Analytics / Session Replay
- Lazy-load Hotjar/Lookback snippets behind an “opt-in” flag to maintain GDPR compliance.
- Initialise analytics in `useEffect(() ⇒ initAnalytics({ userId, buildId }))` only when `process.env.NODE_ENV === 'production'`.
- Use heatmap sample rate ≤ 10 % to minimize performance impact.
CI/CD Integration
- Pipeline stages: `lint → unit → accessibility → usability (Playwright) → deploy-preview → moderated-studies`.
- Fail the build if: (a) task-success < 80 %, (b) SUS < 68, or (c) regression in Time-on-Task > 20 %.
- Store metrics in InfluxDB; visualise in Grafana dashboard `UX/Usability-Regression`.
Testing Patterns
- Script template:
1. Warm-up question (context).
2. Primary task (measurable goal).
3. Follow-up probing (open ended).
- Keep facilitator talk ≤ 15 % of session; avoid confirmation bias.
- Use `think-aloud` prompting: “Please verbalise what you’re thinking.”
Performance Patterns
- Pre-seed test pages with realistic data fixtures; disable 3rd-party ads for noise-free metrics.
- Record FPS & CLS during tasks with `page.metrics()`. Flag CLS > 0.1 as defect.
Security & Privacy
- Mask sensitive fields in recordings with CSS class `.private-field`.

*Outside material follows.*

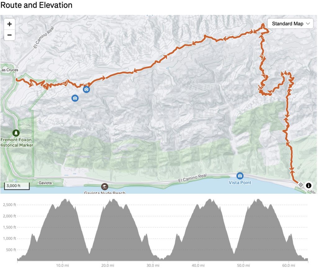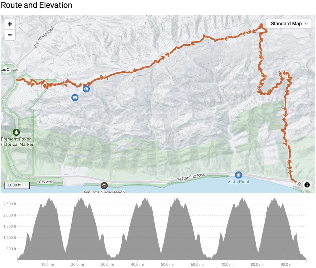 100 : Distance (mi) • 24,059 : Elevation Gain (ft) • 59 : Lowest Point (ft) • 2769 : Highest Point (ft) • Right click and “Save as” to Download GPX file

- Anonymise participant IDs; store consent forms alongside videos.
Examples
1. Simple task script (Markdown):
```md
## Task: Locate Primary Button
You have 5 seconds: where would you click to save your settings?
```
2. Playwright automation snippet:
```ts
test('Onboarding – create workspace', async ({ page }) => {
await measureTask('create-workspace', async () => {
await page.goto('/signup');
await page.fill('[data-qa=email]', '[email protected]');
await page.click('[data-qa=continue]');
await expect(page).toHaveURL(/setup/);
});
});
```
Folder Layout
- `tests/`
• `usability/`
– `signup.spec.ts`
– `settings.spec.ts`
– `_helpers.ts`
• `accessibility/`
• `unit/`
- `artifacts/` (auto-generated)
Common Pitfalls & Guardrails
- DO NOT recruit only internal team; external, unbiased users are mandatory.
- DO NOT run > 30 min sessions without breaks; cognitive fatigue skews data.
- ALWAYS pilot your script with 1 internal & 1 external user before full rollout.